Compassion Deficit Disorder What causes it? What can we do about it?

February 21st, 2017

by Katrina Brooke

Changing Times

Many teachers tell me they spend too much time trying to maintain a sense of safety in their classrooms and admit to resorting to more “time outs” and harsher “discipline techniques” than in the past. While learning how to interact in positive ways is a vital developmental task of early childhood, children seem to have more trouble getting involved with group activities or sharing materials. Teachers also say they are seeing younger children exhibit the kind of bullying and teasing that used to be characteristic of older children.

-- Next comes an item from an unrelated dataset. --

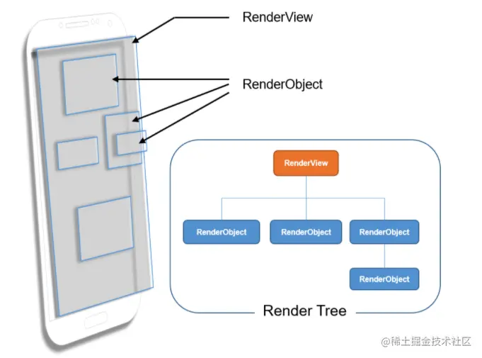 这一系列的 RenderObject 形成一棵树,这棵树被叫做 Render树 ;在树的最顶端(=root),我们会找到 RenderView.
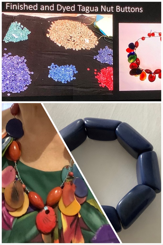 Dr. Bradley also touched briefly on tagua nut buttons and jewelry, a sustainable rainforest product. She was wearing a gorgeous dyed tagua nut necklace today, which reminded me to take a photo of the blue dyed tagua nut bracelet that I bought in Ecuador in 2019.

Children get teased, ridiculed, and rejected for not looking right or not having the right logos on their lunchboxes or clothes. And, an apparent increase in antisocial behavior has led some schools to abolish recess because children are being aggressive and hurting each other on the playground (Zimmerman, et al., 2005).

What is going on? Why are teachers reporting these social problems? How did things get this way? What is causing some children to develop social behavior disturbances that I have come to characterize as “Compassion Deficit Disorder”?

Learning to Be Connected or Disconnected

Here are two scenarios with babies fussing in their cribs. If things continue for the baby as described below, which baby do you think is more likely to be the one to cause trouble in the classroom described by the teacher above:

Baby #1 is crying in his crib. His father picks him up and cuddles him. The baby lets out a few more yelps and his father begins to sing a soothing song. As the singing continues, the baby begins to watch his father’s face, and smiles and coos. They begin smiling and cooing a little chorus together as they look at each other. In this situation, the father serves as the comforter of the baby as they have a mutual give-and-take exchange that ultimately leads to a contented baby and parent.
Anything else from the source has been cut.